Monday, Aug. 10, 1953
Sunshine Girl
Paris has exported a new chanteuse. She calls herself Patachou (rhymes with not-a-shoe), because the word is French for creampuff dough and she used to run a pastry shop in Montmartre. After two highly successful months at New York's Waldorf-Astoria, and a record released by Columbia, Patachou is currently wowing them at Los Angeles' Coconut Grove. Her fans claim she is the biggest thing that happened in France since Mistinguette wore pigtails. What is so special about this ex-pastrycook? Part of the answer lies with her predecessors.
Rural Reactionary. French nightclub singers, much easier to remember than French premiers, are possibly better guides to their country's history.

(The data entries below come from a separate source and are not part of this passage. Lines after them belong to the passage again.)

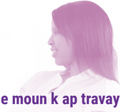
Ou se moun k ap travay nanabri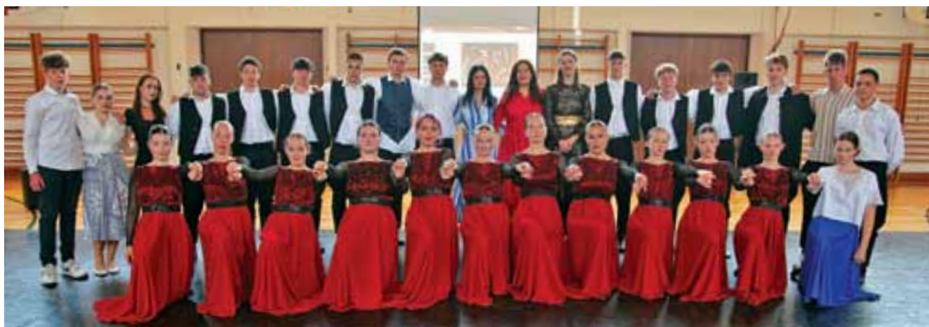
HOŠIGOV „Vremeplov“ je ujedno i put u budućnost: steći i širiti spoznaju kako se na zajedničkim vrijednostima temelji suradnja Hrvatske i Mađarske u zajedničkoj Europi.

U okviru Erasmus akreditacije SŠHKZ je realizirala mobilnosti učenika u sklopu programa Erasmus+. Međunarodni projekti učenicima otvaraju vrata svijeta, osnažuju komunikacijske i socijalne vještine te pridonose razvoju europskog identiteta. Nastavnicima takvi projekti omogućuju uvid u različite obrazovne modele i prakse, a istovremeno promoviraju hrvatsko obrazovanje na europskoj razini.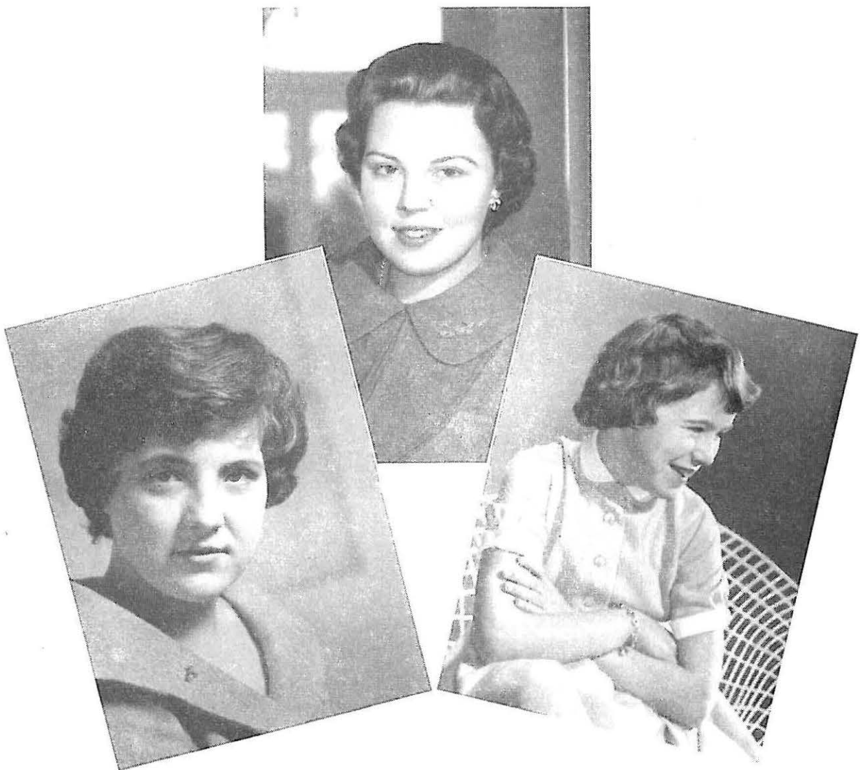
H.K.H. Prinses Margriet, het Petekind van de Nederlandse Koopvaardij, vierde op 19 januari j.l. haar zeventiende verjaardag.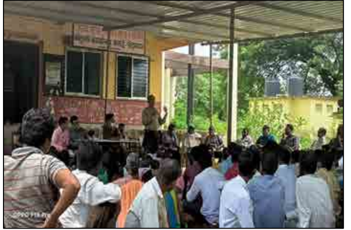
PESA ગ્રામ સભા સભા, પાલધર, મહારાષ્ટ્ર

ii) 31મી માર્ચ 2022 સુધીમાં ખાનગી જમીન માટે વળતર પેટે રૂ 8197.74 કરોડનું વિતરણ કરવામાં આવ્યું છે [ગુજરાતમાં અને દીવ-દમણ અનેદાદરા નગર હવેલીમાં: રૂ. 5913.47 કરોડ અને મહારાષ્ટ્રમાં: રૂ. 2284.27 કરોડ].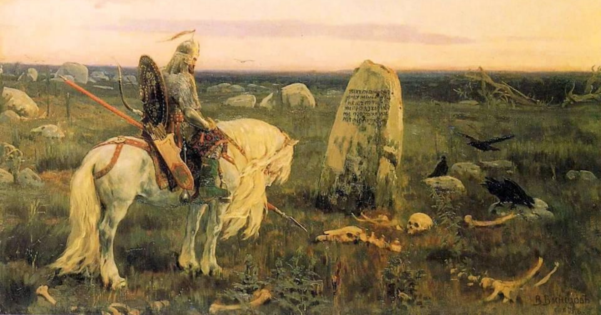
Витязь на распутье, 1878 Русский музей, Санкт-Петербург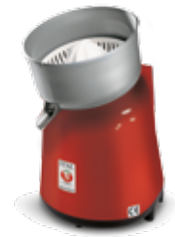
Lignano E Rosso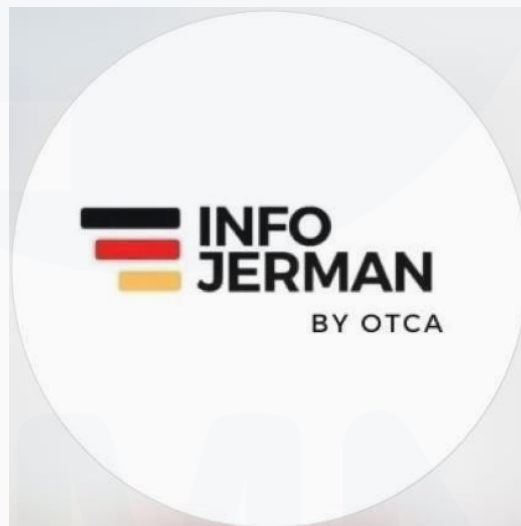
Gambar 2. 6 Logo Info German

Pada gambar 2.6 ditunjukkan merupakan Logo dari Info German yang membimbing atau mengajar bahasa asing yaitu German, Les bahasa Asing German merupakan salah satu Les bahasa asing yang paling laris atau paling banyak diminati banyak orang.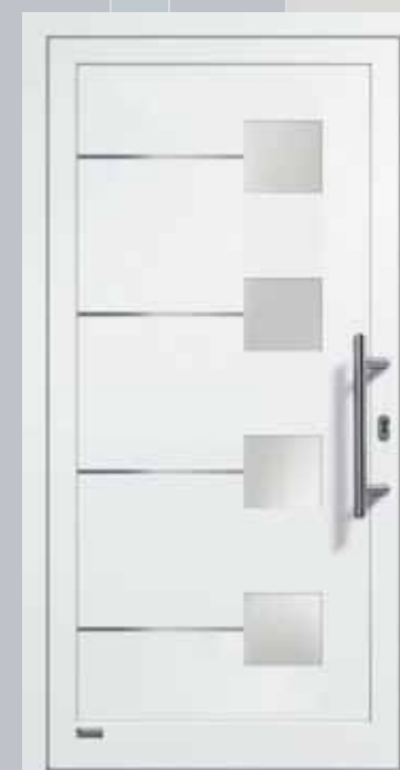
Haustürmodell VIONA-Lisene 106“, Glas VSG matt

There was Lucienne Boyer, who had her heyday in the uncertain years between the wars, a trim but still sizable singer who put across Parlez-Moi d'Amour as if Paris and amour had not changed since the golden nineties (although one line in the song admitted: "Actually, I don't believe any of it"). Then came Edith Piaf, so thin that she was barely visible through the nightclub smoke, with an occasional sentimental number (La Vie en Rose), but in reality a siren of disillusion, a kind of existentialist among chanteuses. But Patachou is almost a rural reactionary, who goes back to a sturdy, bucolic France that persists beneath the phony Parisian sparkle.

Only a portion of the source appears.